Create a LOOM.md file in your project root. Loom will automatically load it when starting a session in that directory.

Alternative Names

Loom looks for these files in order:
  1. LOOM.md
  2. .loom.md
  3. loom.md
Use .loom.md if you want the file hidden from directory listings.

Basic Structure

A LOOM.md file is parsed as Markdown with special sections:
LOOM.md
# Project Instructions

This is a Phoenix LiveView app using Ecto with PostgreSQL.
We follow the context module pattern with modules organized under `lib/myapp/`.

## Rules
- Always run `mix format` after editing .ex files
- Run `mix test` before committing
- Use `binary_id` for all primary keys
- Follow the context module pattern

## Allowed Operations
- Shell: `mix test`, `mix format`, `git status`, `git diff`
- File Write: `lib/**`, `test/**`, `priv/repo/migrations/**`

## Denied Operations
- File Write: `config/runtime.exs`, `.env*`, `*.pem`
- Shell: `rm -rf`, `mix deps.clean`

Recognized Sections

Loom recognizes three special section headings:

Rules Section

List project-specific rules as bullet points.

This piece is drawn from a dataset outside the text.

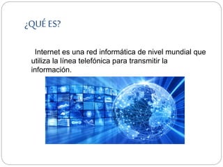 Internet nació como un proyecto militar estadounidense en la década de 1970 para garantizar las comunicaciones en caso de ataque nuclear. Se ha convertido en una red informática global que conecta computadoras y dispositivos para compartir información a través de páginas web, correo electrónico, chat y otros servicios. Actualmente es una herramienta esencial utilizada por miles de millones de personas diariamente.

These are injected into the system prompt.
## Rules
- Use descriptive variable names
- Prefer pattern matching over conditionals
- Write doctests for public functions
- Keep modules under 500 lines
Rules are advisory - Loom will try to follow them but won’t enforce them programmatically. For enforcement, use Allowed/Denied Operations.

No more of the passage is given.